Measuring a Modulated Signal
These measurements of noise and sinusoids is all well and good, but what about measuring on modulated signals? Signals that have some bandwidth to them? Measuring band power in Gnu Radio is not something I've figure out how to do yet. So I'm going to model it with Gnu Octave. I've created a script that will create a basic FM signal (modulated with a sinusoidal tone), then sum the power of each point between two frequencies.
Which worked quite nicely. I actually used the coherent power gain for correcting the spectral amplitudes, then once I'd calculated the band power, I divided it by the NENBW. The resulting measured power is quite accurate.
Yay, us.
Summary
And I'm spent. Let me add one, last statement. There's a third method for making band power measurements. That is filter out the desired band and measure in the time domain. Frankly, given everything I've just covered, this might just be easier and much more fool-proof.

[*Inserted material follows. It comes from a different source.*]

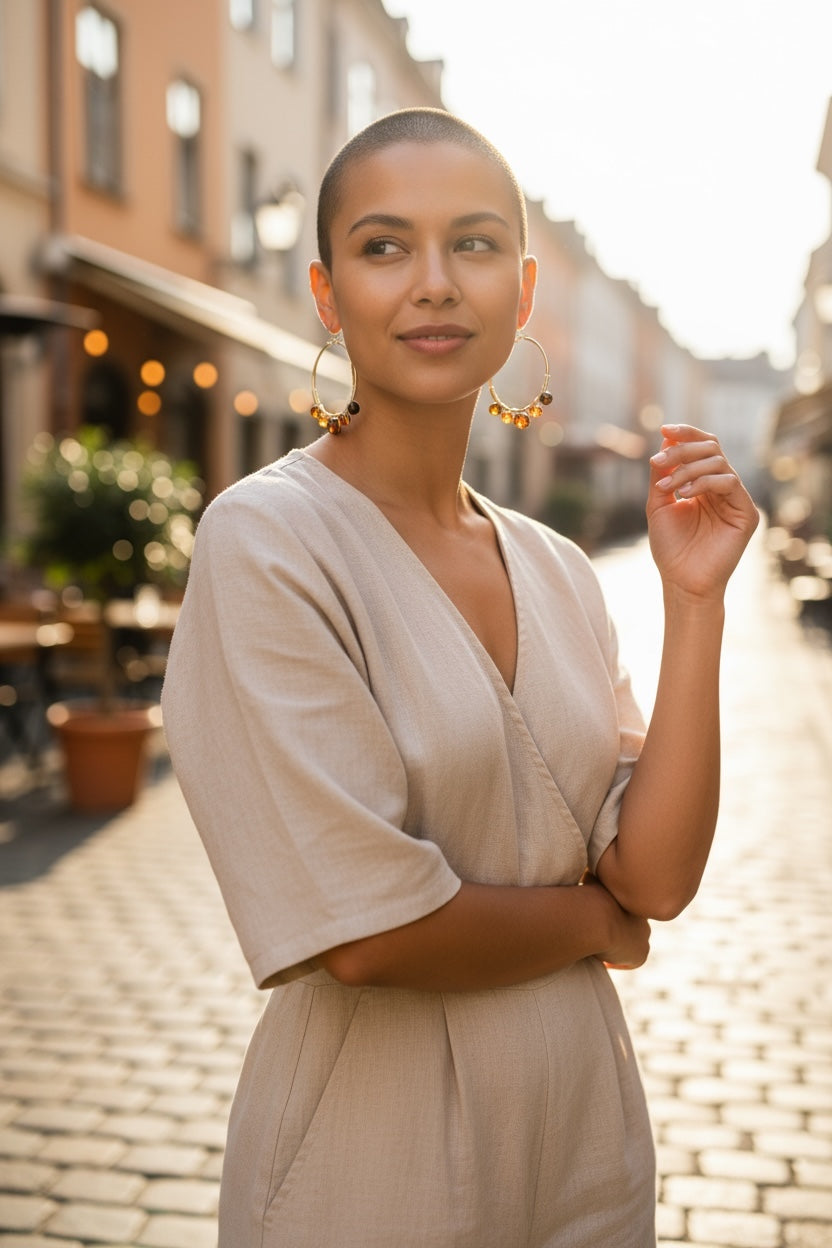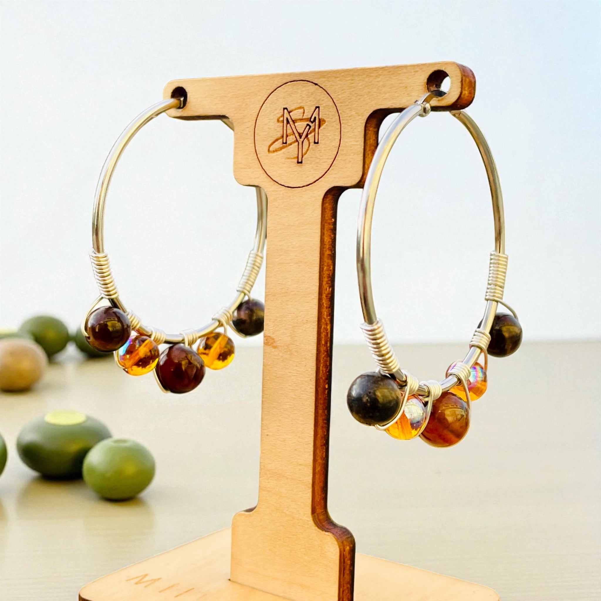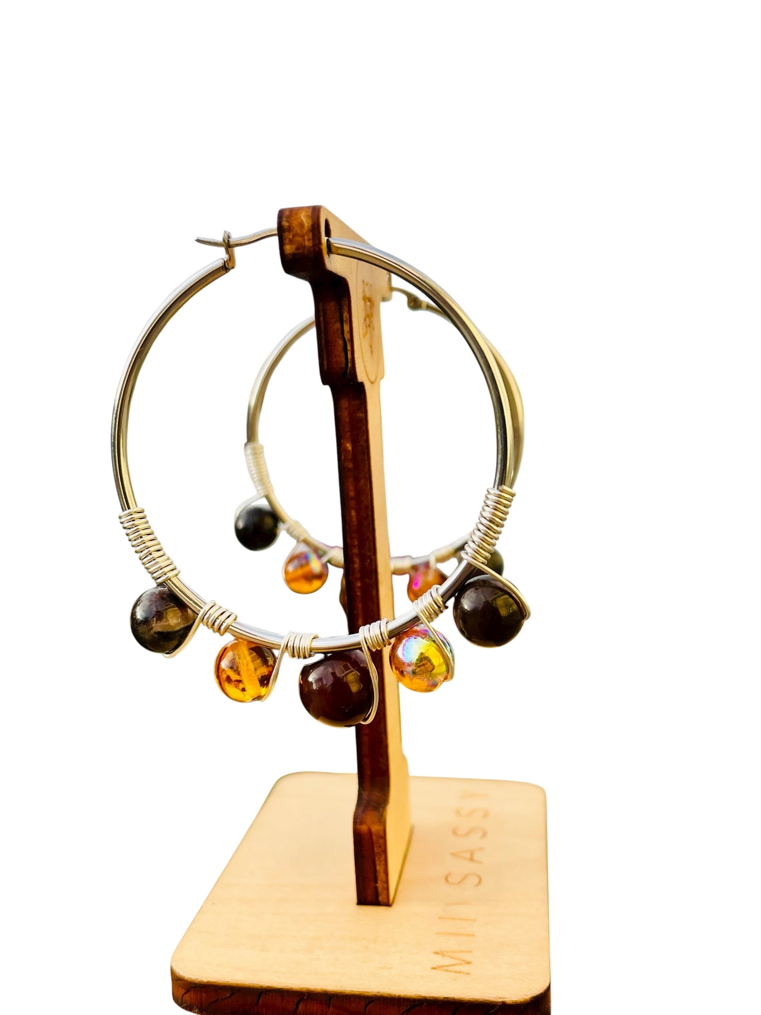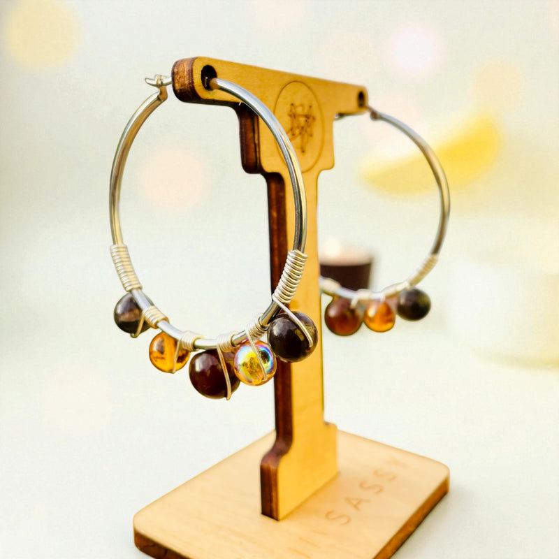 Add natural warmth and handcrafted charm to your jewelry collection with these **Semi-Precious Brown and Glass Amber Beaded Wire-Wrapped Hoop Earrings**. Each bead is **carefully hand-wrapped** onto a **tarnish-free stainless steel hoop**, combining the rich, earthy tones of semi-precious brown stones with the luminous glow of amber glass beads.
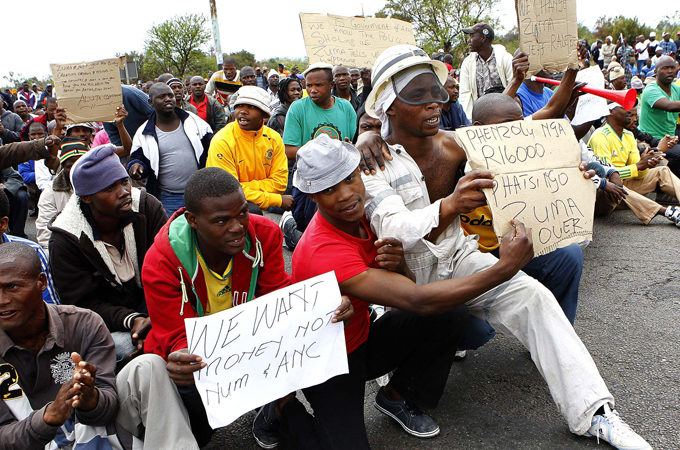 Lonmin miners have been protesting for weeks over pay, sparking a crackdown that killed 34 miners [Reuters]

Through this post, I hope that I've allowed you to understand some of the pitfalls and "gotchas" of spectral power measurement. Measuring power, regardless of source, using spectral data requires care and understanding of what those amplitudes represent (and how they were created!)
References
[1]"On the Use of Windows for Harmonic Analysis with the Discrete Fourier Transform", fred harris, Proceedings of the IEEE, Vol. 66, No. 1, January 1978.